Nevada Rules of Civil Procedure

Rule 5. Serving and Filing Pleadings and Other Papers

(a)     Service: When Required.

(1) In General. Unless these rules provide otherwise, each of the following papers must be served on every party:

(A)    an order stating that service is required;

(B)  a pleading filed after the original complaint, unless the court orders otherwise under Rule 5(c) because there are numerous defendants;

(C)    any paper relating to discovery required to be served on a party, unless the court orders otherwise;

(D)        a written motion, except one that may be heard ex parte; and

(E)     a written notice, appearance, demand, offer of judgment, or any similar paper.

(2) If a Party Fails to Appear. No service is required on a party who is in default for failing to appear. But a pleading that asserts a new claim for relief against such a party must be served on that party under Rule 4.

(b)      Service: How Made.

(1)    Serving an Attorney. If a party is represented by an attorney, service under this rule must be made on the attorney unless the court orders service on the party.

(2)      Service in General. A paper is served under this rule by:

(A)     handing it to the person;

(B)    leaving it:

(i)   at the person’s office with a clerk or other person in charge or, if no one is in charge, in a conspicuous place in the office; or

(ii)    if the person has no office or the office is closed, at the person’s dwelling or usual place of abode with someone of suitable age and discretion who resides there;

(C)    mailing it to the person’s last known address—in which event service is complete upon mailing;

(D)    leaving it with the court clerk if the person has no known address;

(E)    submitting it to the court’s electronic filing system, if established under the NEFCR, for electronic service under NEFCR 9 or sending it by other electronic means that the person consented to in writing— in which events service is complete upon submission or sending, but is not effective if the serving party learns that it did not reach the person to be served; or

(F)     delivering it by any other means that the person consented to in writing—in which event service is complete when the person making service delivers it to the agency designated to make delivery.

(3)   Using Court Facilities. If the court has established an electronic filing system under the NEFCR through which service may be effected, a party may use the court’s transmission facilities to make service under Rule 5(b)(2)(E).

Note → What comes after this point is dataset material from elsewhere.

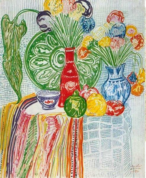 Curator: Here we have Radi Nedelchev’s "Still Life with Red Apples," an oil on canvas painted in 1967. What’s your immediate take on it? Editor: Oh, it’s lovely. Endearing, almost child-like in its exuberance. Like a memory of someone’s grandmother’s kitchen, all colors and folk charm, maybe with a dash of melancholy thrown in. Curator: Melancholy? Tell me more. I read it as celebratory, this abundance of domestic objects, alluding to the post-war consumer culture. Editor: Maybe "melancholy" is too strong. More like a whisper of time passing, seen in the slightly faded colors. The patterned vases and that bowl of red apples have this nostalgic aura, a hint of simpler days—idealized, perhaps? Curator: It’s worth remembering that socialist realism, while dominant, didn't fully erase the drive toward individual expression. Nedelchev uses the still life—historically associated with bourgeois comfort—to explore his folk-art roots within this tension. The flowers, the patterned ceramics... they all speak to a specifically Bulgarian visual language. Editor: And those vibrant patterns jump out, don’t they? Each one feels deliberately chosen, from the checkered cloth to the motifs on the vases. They fight against that melancholy—a sort of vibrant assertion of life. You mentioned socialist realism; do you think this painting offers an alternative to the dominant themes of the time? Curator: Definitely. By focusing on the intimate sphere and drawing inspiration from folk traditions, Nedelchev quietly resisted the grand narratives imposed by the state. It champions everyday life and elevates the artistry inherent in ordinary objects. Editor: It also makes me think of folk art in relation to class and gender. Aren’t those so often gendered spaces? And related to questions of cultural capital? There’s something powerful in asserting the aesthetic value of what's often devalued, don't you think? Curator: Precisely! That interplay is absolutely critical. It elevates craft, traditionally marginalized within the art world, into the realm of high art. Editor: Hmm. This painting certainly leaves an aftertaste of coziness. It has inspired me to make apple crumble this weekend, for sure! Curator: And for me, it re-emphasizes art’s capacity to weave threads of personal and cultural identity into our present understanding.

(4)   Proof of service. Proof of service may be made by certificate, acknowledgment, or other proof satisfactory to the court. Proof of service should accompany the filing or be filed in a reasonable time thereafter. Failure to make proof of service does not affect the validity of service.

(c)    Serving Numerous Defendants.

(1)   In General. If an action involves an unusually large number of defendants, the court may, on motion or on its own, order that:

(A)  defendants’ pleadings and replies to them need not be served on other defendants;

(B)   any crossclaim, counterclaim, avoidance, or affirmative defense in those pleadings and replies to them will be treated as denied or avoided by all other parties; and

(C)    filing any such pleading and serving it on the plaintiff constitutes notice of the pleading to all parties.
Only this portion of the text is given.